A Timer measures duration and count simultaneously. Use it for request latency, database query time, and payment processing duration. It automatically calculates count, total time, and percentiles. Add publishPercentiles(0.5, 0.95, 0.99) to expose p50, p95, and p99 as Prometheus labels for alerting.
Choose the wrong type and you miss the signal: a Gauge for total orders loses the rate information, a Counter for connection pool size loses the current value, a Timer without percentiles hides the tail latency where the real problems live.
How do I handle Actuator in a Kubernetes environment with multiple replicas?
Configure all three probe types: startupProbe using /actuator/health/liveness with failureThreshold × periodSeconds set to at least 2× your measured startup time. livenessProbe using /actuator/health/liveness with no external dependency checks — JVM state only. readinessProbe using /actuator/health/readiness with dependency checks.
Enable health groups in application.yml with management.endpoint.health.probes.enabled=true — without this, the liveness and readiness paths return 404.
For metrics scraping, use Prometheus kubernetes_sd_configs with pod annotations rather than static targets.
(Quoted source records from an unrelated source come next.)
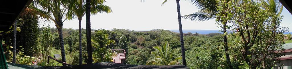 Here's a partial panorama taken from the hammock outside my apartment at the school:
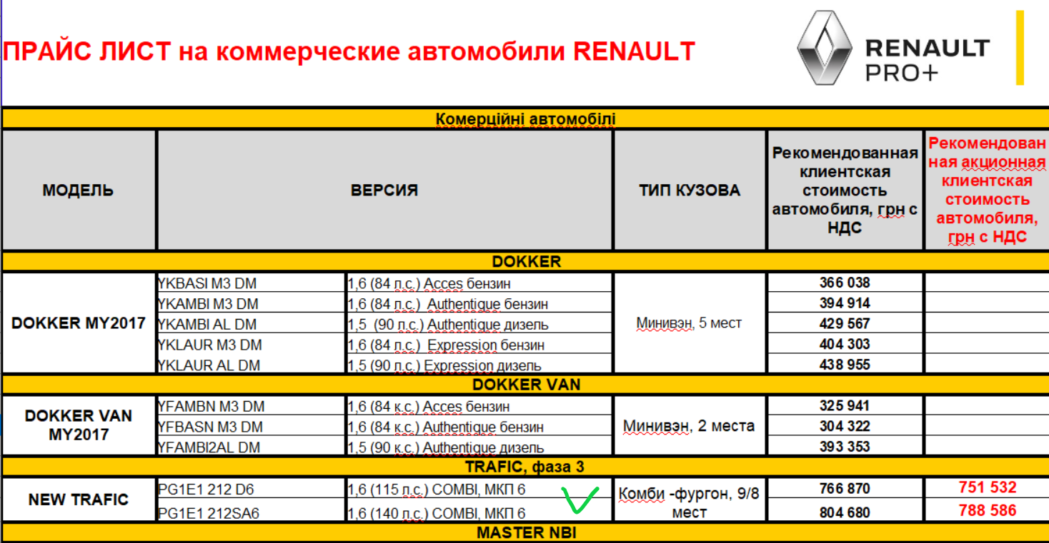 Подивимося інший прайс на Renault: ми відшукали конкретну модель, вказану у звіті про закупівлю КП «Кременчукводоканал»: рекомендована ціна 804 680 грн (водоканал купив на 29,2 тис грн дорожче), а якщо порівняти з акційною ціною авто — 788 585, то вийде, що підприємство переплатило 45 тис грн.
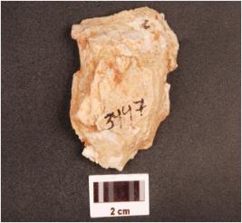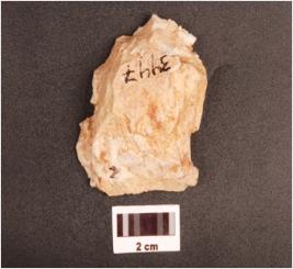 | Description / विवरण | Chert flake with prepared platform and prominent bulb. |

Pods get new IPs on every restart — static targets break on every rolling deploy. Add prometheus.io/scrape: 'true' and prometheus.io/port: '8080' annotations to your pod spec.
Set management.metrics.tags.application=${spring.application.name} so metrics from different service replicas are identifiable in Prometheus and can be filtered or aggregated by service name in Grafana dashboards.